= Edward Lockspeiser =

British composer and musicologist (1905–1973)

Edward Lockspeiser (21 May 1905 – 3 Feb 1973) was an English musicologist, composer, art critic and radio broadcaster on music who specialized in the works and life of French composer Claude Debussy and was considered one of the few British authorities on French classical music.

==Life and career==
Born on 21 May 1905, Lockspeiser studied at the Paris Conservatory between 1922 and 1926 with Alexandre Tansman and Nadia Boulanger and at the Royal College of Music in London from 1929 to 1930 with Charles Herbert Kitson and Malcolm Sargent. He was voted into the Académie des Beaux-Arts in 1948 for his services to French music.

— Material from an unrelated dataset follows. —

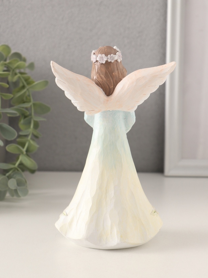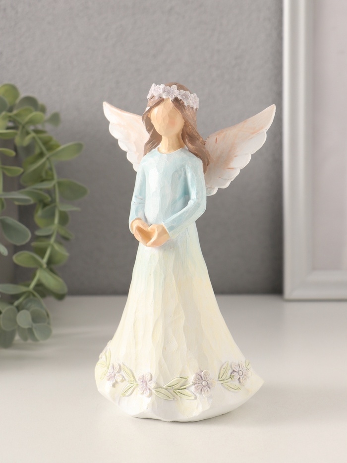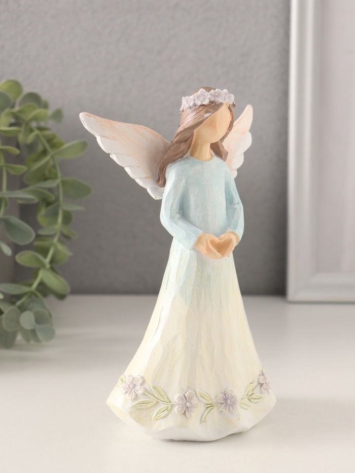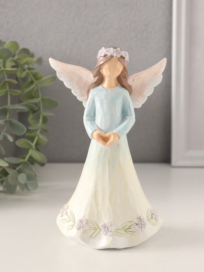 Сувенир полистоун "Девушка-ангел в нежно-голубом платье, руки-сердце" 9,5х6,5х16 см

Lockspeiser's extensive writings on Debussy include a two-volume biography, Debussy: His Life and Mind (1962, 1965), which was the culmination of 30 years of intense research into the composer's life and personality. According to Mark DeVoto of The Boston Musical Intelligencer, this tome "remains a landmark work of biography enriched by a wide-ranging analysis of Debussy’s cultural background and literary and artistic influences." He contributed the entry on Debussy in The New Grove Dictionary of Music and Musicians, articles on Debussy, Felix Mendelssohn and Sergei Diaghilev to the Encyclopædia Britannica and numerous articles for Gramophone, Music & Letters, The Listener and The Musical Times. He was a guest lecturer in the University of London between 1966 and 1971; afterwards, he served in the same capacity in the Collège de France.

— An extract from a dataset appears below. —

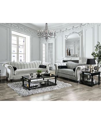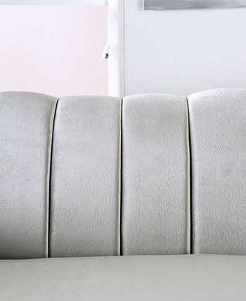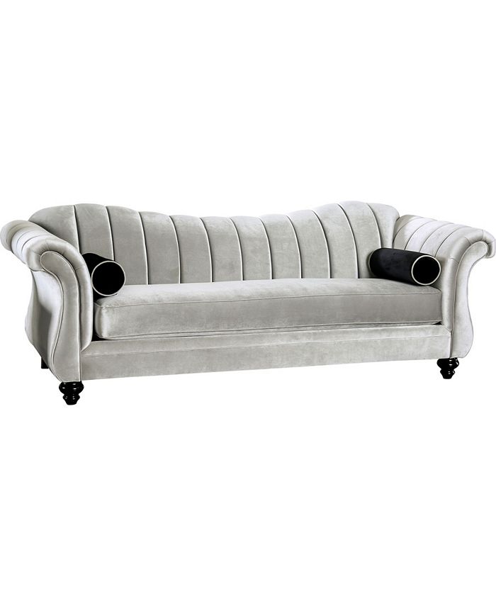 Linear vertical stitching adds a dimensional vibe to this exquisite traditional sofa, a plush piece constructed from solid wood and wrapped in small weave pewter chenille.

Lockspeiser became London music critic for the Yorkshire Post in 1936; before that he concentrated on composition and conducting, founding the Toynbee Hall Orchestra in 1934. He worked with the British Broadcasting Corporation (BBC) from 1941 to 1950. Among the works the BBC commissioned during his tenure was the Sinfonietta from French composer Francis Poulenc. After he left the BBC, Lockspeiser focused on teaching and music journalism. In his teaching, Lockspeiser stressed the importance of understanding a composer's social and aesthetic background to gain a thorough understanding of his musical works. In his last work, he extended this principle to include the visual arts that may have influenced the composer.

Lockspeiser's commitment to music and the visual arts was absolute; his wife Eleanore is quoted as saying that "art was the only important thing in our household" and their daughter, sculptor Mary Frank, has stated that she "was brought up to be an artist." While he wrote some film music later in his career, the majority of Lockspeiser's musical compositions date from the 1920s. Only one work was published (Deux mélodies, Paris, 1926). Lockspeiser's personal library, which was extensive, was acquired after his death by Lancaster University.

==Books==
- Debussy: his life and mind: Volume 1
- Debussy: his life and mind: Volume 2
- Music and painting: a study in comparative ideas from Turner to Schoenberg
- Debussy: The Master Musicians
- A new history of music: the Middle Ages to Mozart
- The literary clef: an anthology of letters and writings by French ...
- French art and music since 1500: with ill (with Anthony Blunt)
- Berlioz
- Bizet
- Debussy et Edgar Poe:

==Bibliography==
In English
- Anonymous, "Edward Lockspeiser." In Encyclopædia Britannica. Accessed 27 Mar 2012.
- Anonymous, "Lockspeiser, Edward." On operas.com. Accessed 27 Mar 2012.
- DeVoto, Mark, "Why Debussy Is France's Greatest Composer." In The Boston Musical Intelligencer, 5 Mar 2012. Accessed 27 Mar 2012.
- Biographical preface to Lockspeiser, Edward, "A Survey of Some Recent Recordings." In Gramophone Magazine, Nov 1955. Accessed 27 Mar 2012.
- Meeker, Carlene, "Mary Frank." In Jewish Women Encyclopedia. Accessed 27 Mar 2012.
- Schmidt, Carl B., Entrancing Muse: a documented biography of Francis Poulenc (Lives in Music Series) (Hillsdale, NY: Pendragon Press, 2001). ISBN 1-57647-026-1.

In French
- Anonymous, "Edward Lockspeiser." In Larousse Encyclopedia. Accessed 27 Mar 2012.